With the pictures left out, write out the records verbatim.

## [Information given]
────────────────────────────────────────
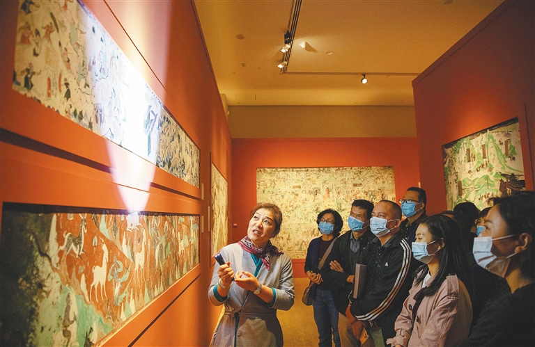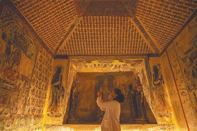 “敦煌莫高窟艺术,是在传统汉晋艺术基础上,吸收融合外来艺术的营养,形成具有中国风格的佛教艺术,是融建筑、雕塑、壁画三者于一体的立体艺术,生动地展现了中古时期中国千余年间的社会生活画卷,也是世界上现存规模最大、历史延续最悠久、保存较完整、内容最丰富、艺术最精美的佛教艺术遗存,代表了公元4世纪至14世纪中国佛教艺术的高度成就。”敦煌研究院讲解员史玉燕说。
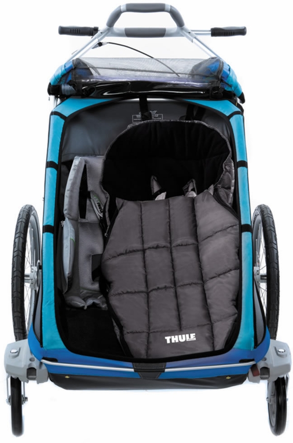 Great bag for cold, windy or rainy days! We used it with our Thule Double Chariot and the Thule double jogger. it's not designed to fit the double jogger but you can make it work. Our baby was super snug when she nordic skiied with us.
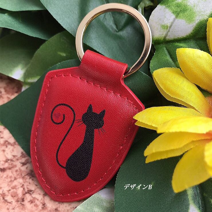 ハートキャットシリーズ 盾型キーホルダー (全3色) 【カラー】 ブラック/レッド/ホワイト ※ブラックの商品は、白(ネコ)印刷となります。 【素材】 本革 ※2~3営業日後の発送となります。
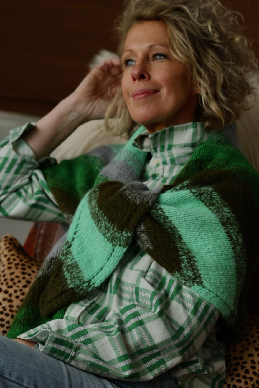 With Hazy Shades, you’ll cast on once and walk away with three distinct accessories. Each with its own personality and purpose: The Wrap is a generous (but not too generous if you know what we mean), color-blocked soft, hazy marled edges.
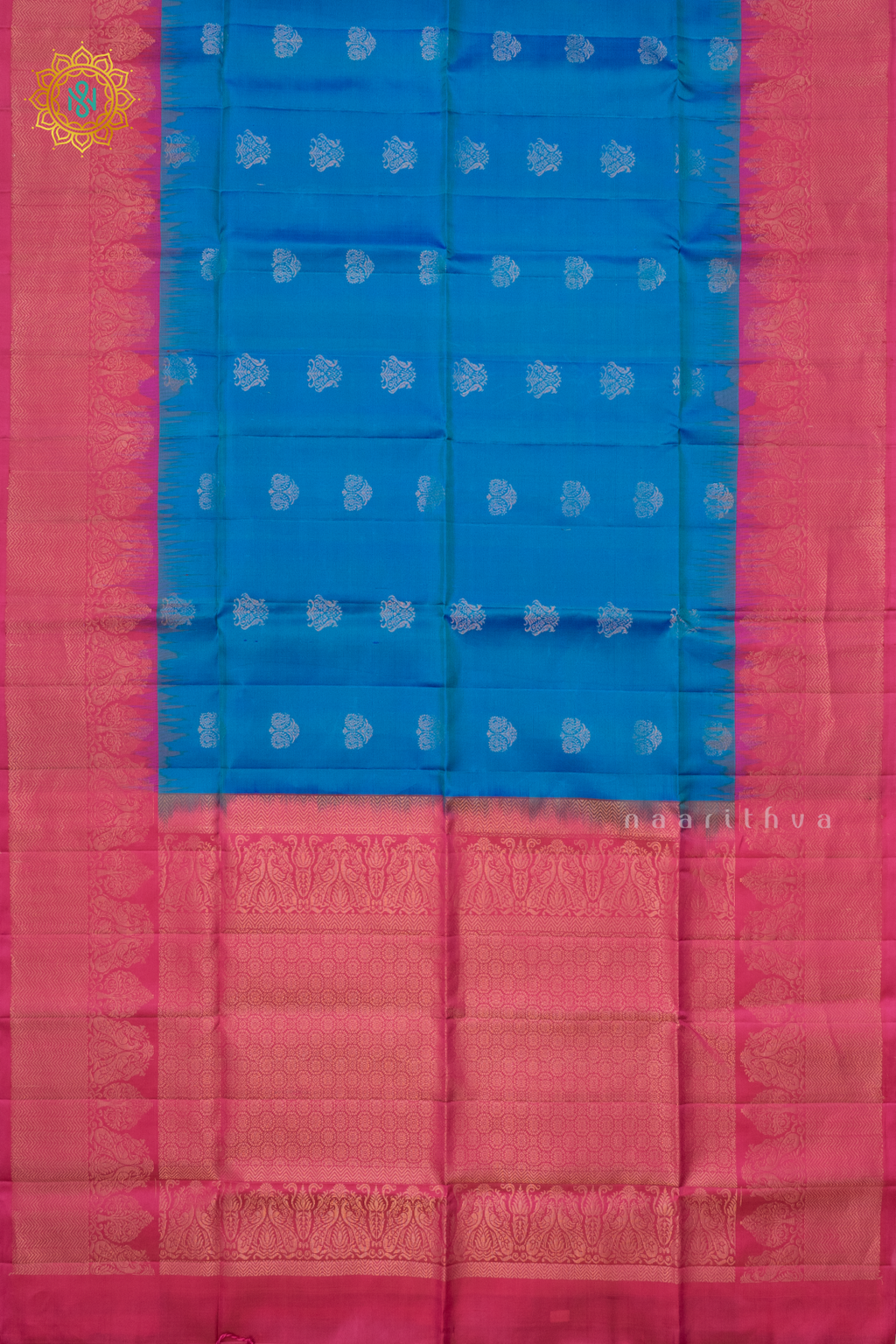 PEACOCK BLUE WITH PINK - PURE KANJIVARAM SOFT SILK
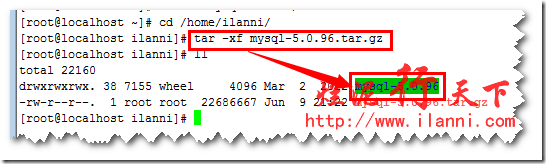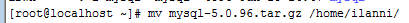 把mysql安装包移动到ilanni用户的家目录下,并解压,如下图:
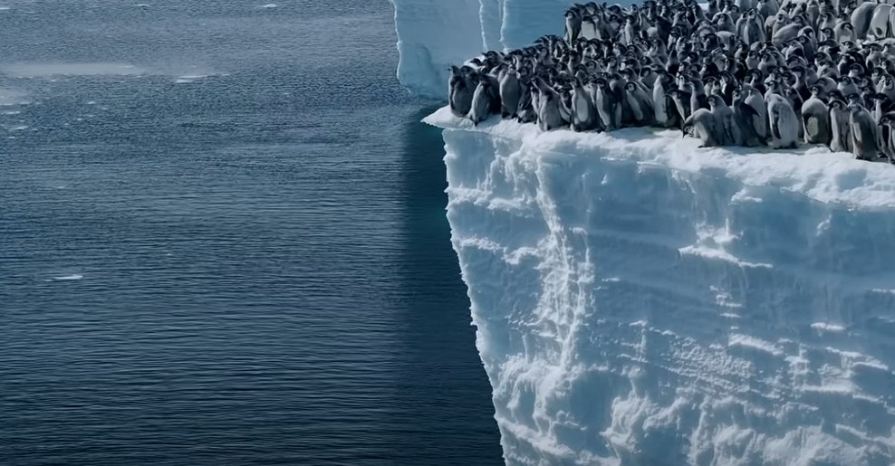 Emperor penguin chicks jumping
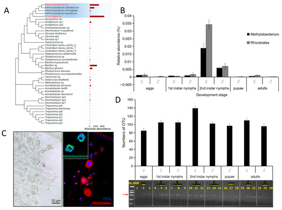 To identify symbiotic bacteria with a potential role in nitrogen fixation, we conducted high-throughput sequencing on the microorganisms released from tissues of E. pela. This analysis revealed 42 species of nitrogen-fixing bacteria, with Rhizobiales and Methylobacterium emerging as the dominant bacterial species (Figure 2A). Importantly, both bacterial taxa were detectable from the embryonic stage through to adulthood (Figure 2B), suggesting a potential obligate symbiotic relationship acquired through vertical transmission.
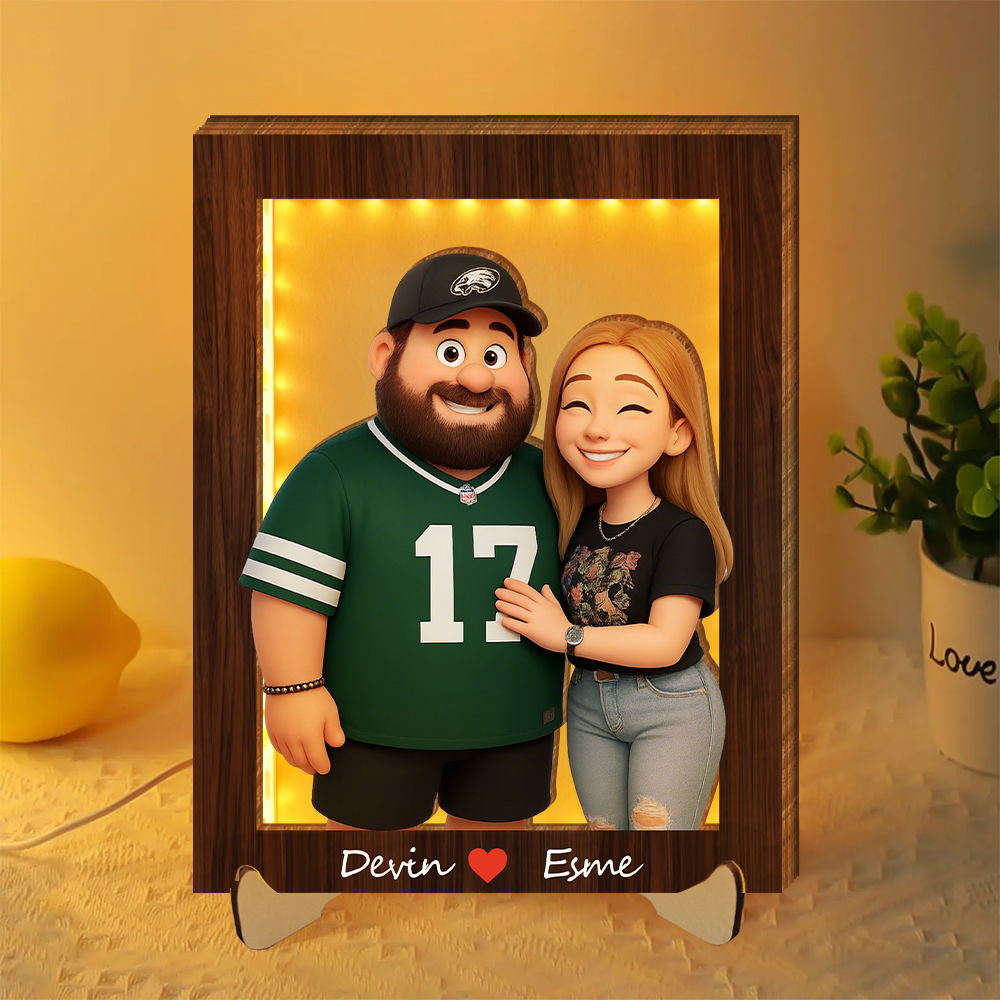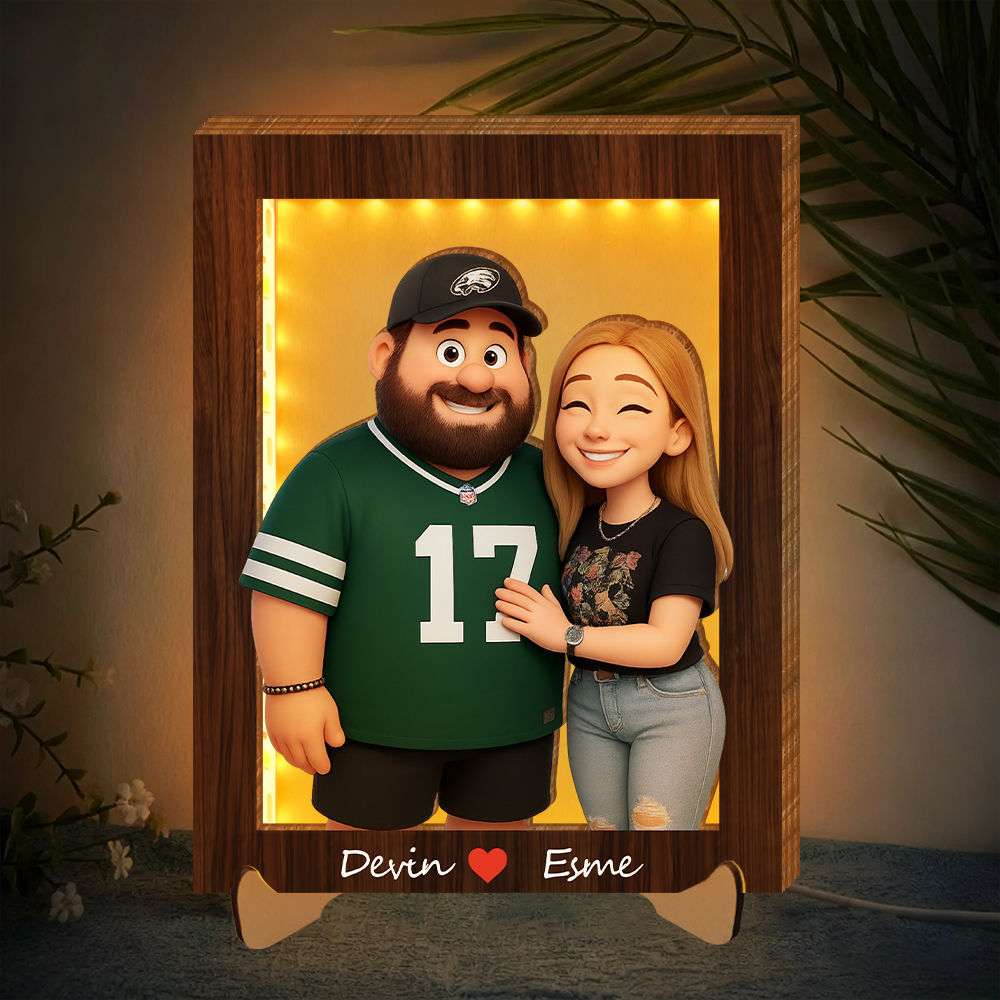 Personalized 3d Wooden Cartooned Light Wall Art, Custom Cartoon Portrait, Wood Home Decor, Night Light Gifts, Valentine's Day Gift, Birthday Gifts, Anniversary Gift,
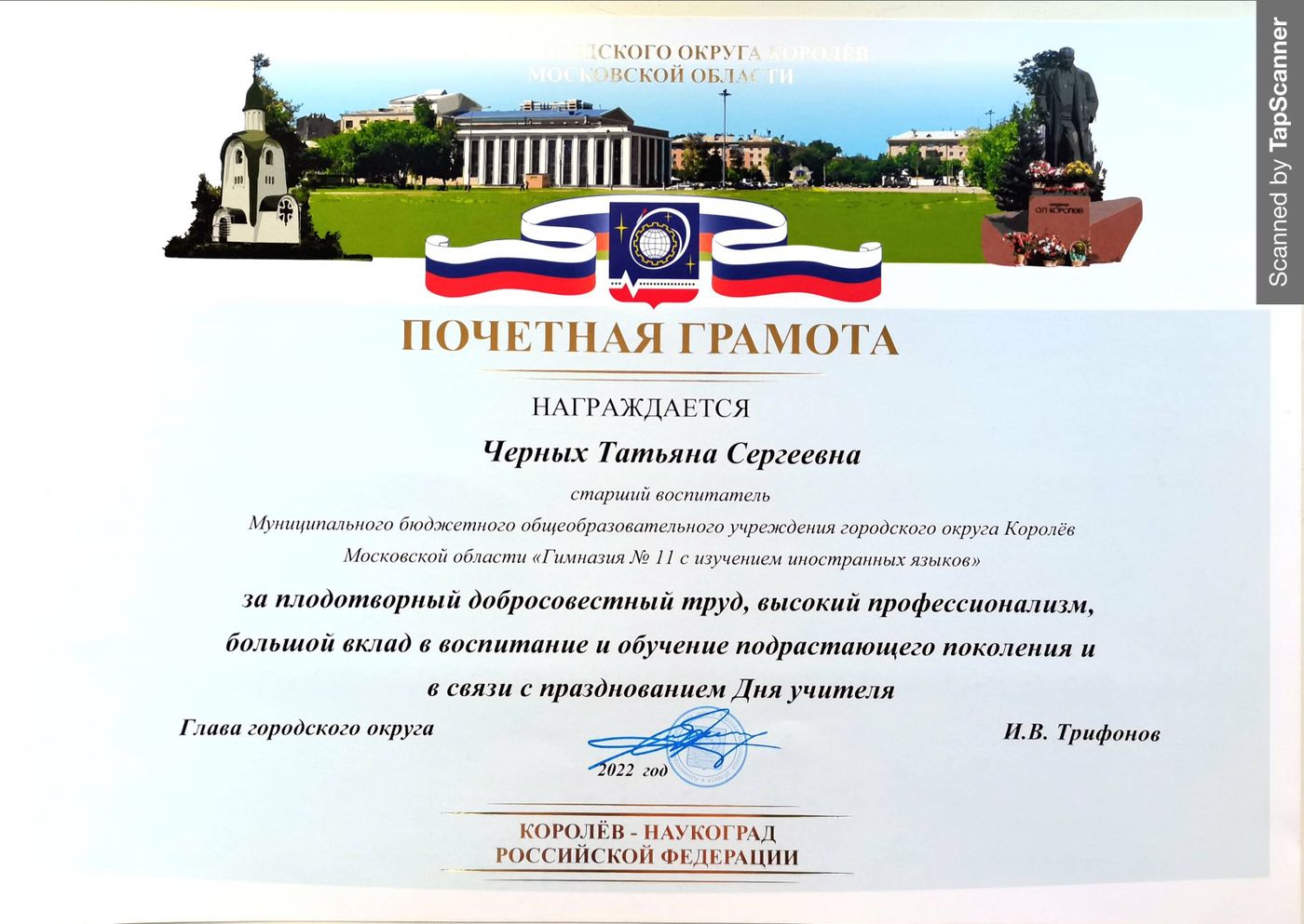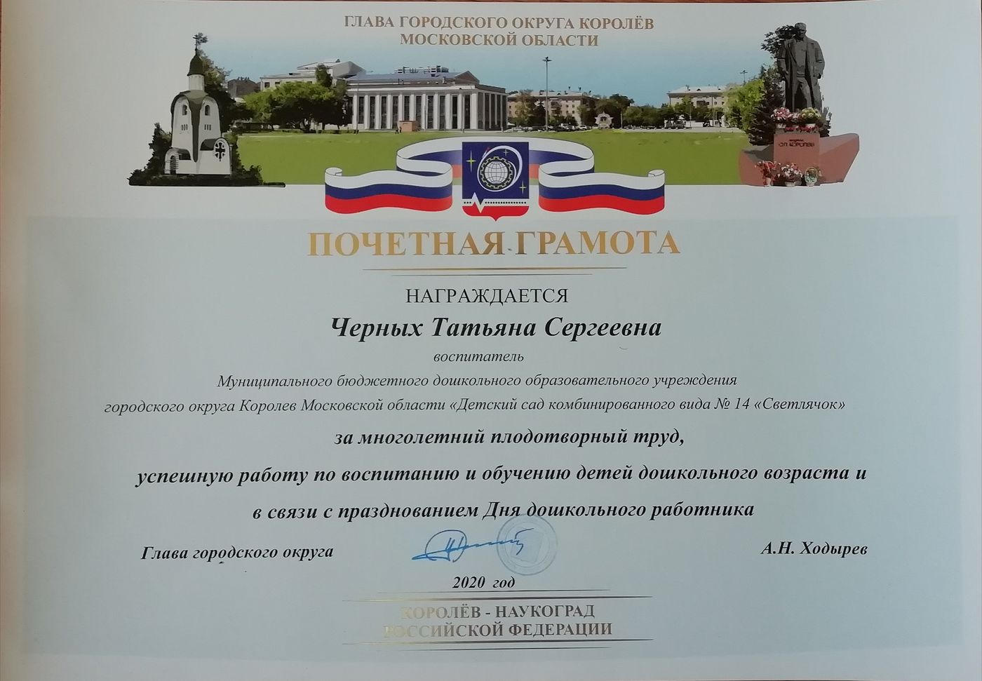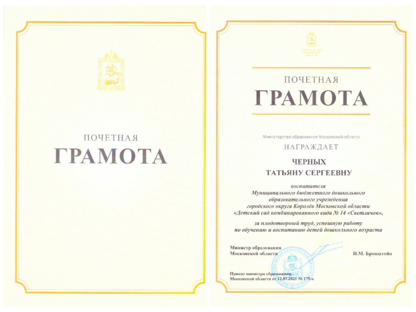 ПОЧЁТНАЯ ГРАМОТА Министерства образования Московской области, 2021 г. ПОЧЁТНАЯ ГРАМОТА Главы городского округа Королёв Московской области А.Н.Ходырева , 2020 г.
────────────────────────────────────────
## [The completed task]
 “敦煌莫高窟艺术,是在传统汉晋艺术基础上,吸收融合外来艺术的营养,形成具有中国风格的佛教艺术,是融建筑、雕塑、壁画三者于一体的立体艺术,生动地展现了中古时期中国千余年间的社会生活画卷,也是世界上现存规模最大、历史延续最悠久、保存较完整、内容最丰富、艺术最精美的佛教艺术遗存,代表了公元4世纪至14世纪中国佛教艺术的高度成就。”敦煌研究院讲解员史玉燕说。
 Great bag for cold, windy or rainy days! We used it with our Thule Double Chariot and the Thule double jogger. it's not designed to fit the double jogger but you can make it work. Our baby was super snug when she nordic skiied with us.
 ハートキャットシリーズ 盾型キーホルダー (全3色) 【カラー】 ブラック/レッド/ホワイト ※ブラックの商品は、白(ネコ)印刷となります。 【素材】 本革 ※2~3営業日後の発送となります。
 With Hazy Shades, you’ll cast on once and walk away with three distinct accessories. Each with its own personality and purpose: The Wrap is a generous (but not too generous if you know what we mean), color-blocked soft, hazy marled edges.
 PEACOCK BLUE WITH PINK - PURE KANJIVARAM SOFT SILK
 把mysql安装包移动到ilanni用户的家目录下,并解压,如下图:
 Emperor penguin chicks jumping
 To identify symbiotic bacteria with a potential role in nitrogen fixation, we conducted high-throughput sequencing on the microorganisms released from tissues of E. pela. This analysis revealed 42 species of nitrogen-fixing bacteria, with Rhizobiales and Methylobacterium emerging as the dominant bacterial species (Figure 2A). Importantly, both bacterial taxa were detectable from the embryonic stage through to adulthood (Figure 2B), suggesting a potential obligate symbiotic relationship acquired through vertical transmission.
 Personalized 3d Wooden Cartooned Light Wall Art, Custom Cartoon Portrait, Wood Home Decor, Night Light Gifts, Valentine's Day Gift, Birthday Gifts, Anniversary Gift,
 ПОЧЁТНАЯ ГРАМОТА Министерства образования Московской области, 2021 г. ПОЧЁТНАЯ ГРАМОТА Главы городского округа Королёв Московской области А.Н.Ходырева , 2020 г.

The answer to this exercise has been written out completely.